▶ **INFORMATION SUPPLIED**
#####

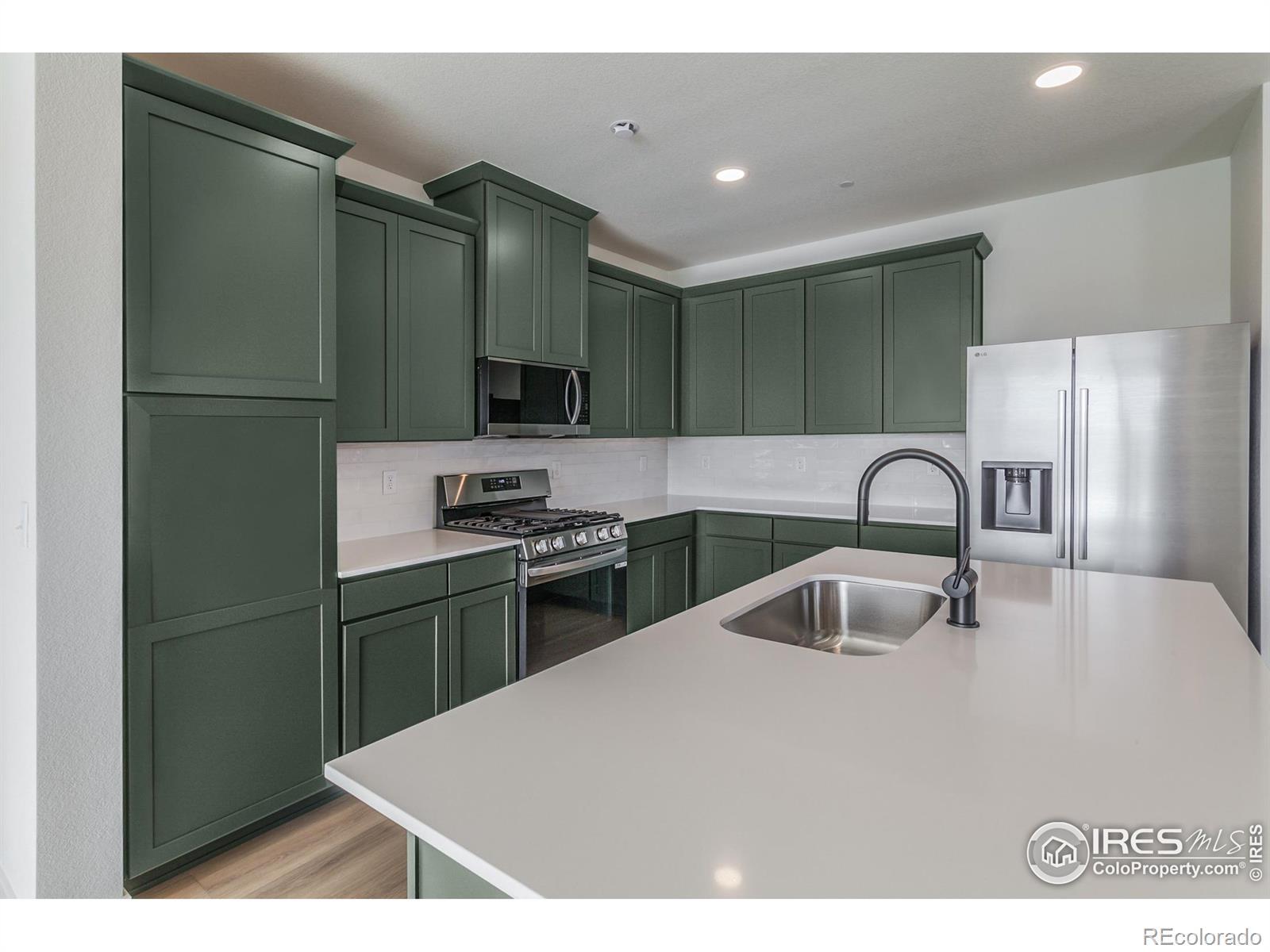 Copperhead by Hartford Homes. New construction townhome in the Wilder at Timnath Ranch community. This thoughtfully designed home offers 3 spacious bedrooms, 2 bathrooms, and a convenient powder bath on the main level. The open-concept layout seamlessly connects the living, dining, and kitchen areas. Fenced front courtyard. The kitchen is equipped with LG stainless steel appliances, including a gas range, microwave, dishwasher, and refrigerator, paired with Eucalyptus painted maple cabinetry and quartz countertops. Vinyl plank flooring runs through the entry, kitchen, dining, bathrooms, laundry, living room. All bedrooms are located on the upper level, alongside a laundry room complete with a washer and dryer. Additional features include central A/C, a garage door opener with keypad. 2in white faux wood blinds. Located across from Bethke Elementary. PHOTOS FROM ACTUAL HOME. ASK ABOUT CURRENT LENDER OR CASH BUYER INCENTIVES.
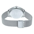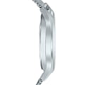 Аксессуар в классическом серебристом исполнении никогда не утратит актуальности, он будет прекрасным дополнением к классическому костюму, спортивной футболке, модных джинсах. Компактный циферблат выполнен в минималистичном стиле, с метками в виде штрихов. Контрастные стрелки и метки хорошо видны на его фоне. Браслет серебристого цвета. Высокоточный кварцевый механизм.
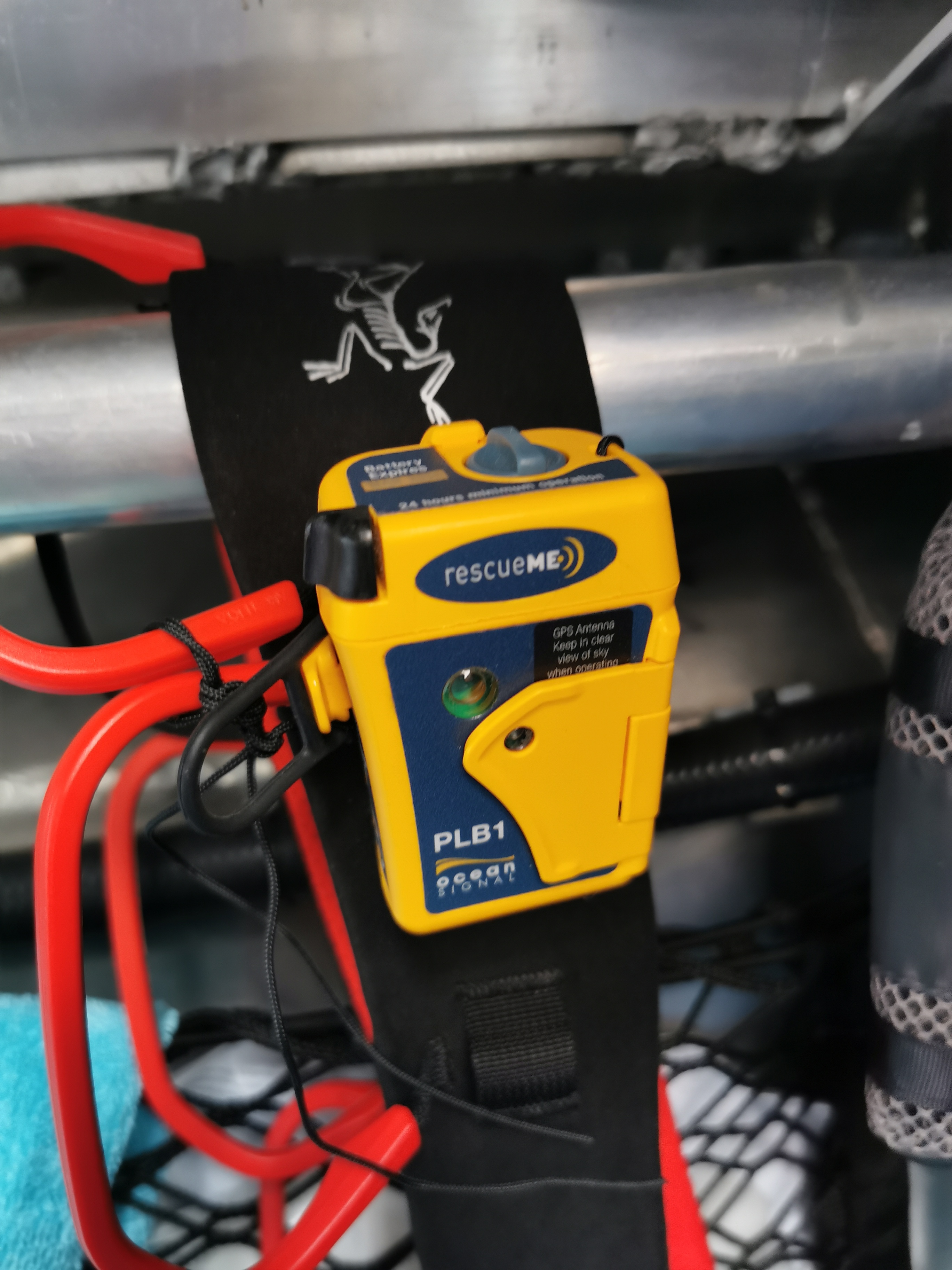 Dazu gehört auch das PLB (personal locator beacon). Das trägt jeder Ruderer jederzeit auf sich, sobald er die Kabine verlässt und sich an Deck aufhält. In einem Fall von Mensch über Bord, wird es durch den Ruderer aktiviert und hilft den Rettungskräften an Land, die im Meer treibende Person zu lokalisieren und nahegelegene Schiffe (Frachschiffe, Tanker oder Militärschiffe) die Position zu übermitteln.

#####

▶ **THE PROBLEM**
Set the lines down exactly as they stand, from the one containing "Аксессуар в классическом" through the end of the listing, omitting every picture.

▶ **YOUR RESPONSE**
 Аксессуар в классическом серебристом исполнении никогда не утратит актуальности, он будет прекрасным дополнением к классическому костюму, спортивной футболке, модных джинсах. Компактный циферблат выполнен в минималистичном стиле, с метками в виде штрихов. Контрастные стрелки и метки хорошо видны на его фоне. Браслет серебристого цвета. Высокоточный кварцевый механизм.
 Dazu gehört auch das PLB (personal locator beacon). Das trägt jeder Ruderer jederzeit auf sich, sobald er die Kabine verlässt und sich an Deck aufhält. In einem Fall von Mensch über Bord, wird es durch den Ruderer aktiviert und hilft den Rettungskräften an Land, die im Meer treibende Person zu lokalisieren und nahegelegene Schiffe (Frachschiffe, Tanker oder Militärschiffe) die Position zu übermitteln.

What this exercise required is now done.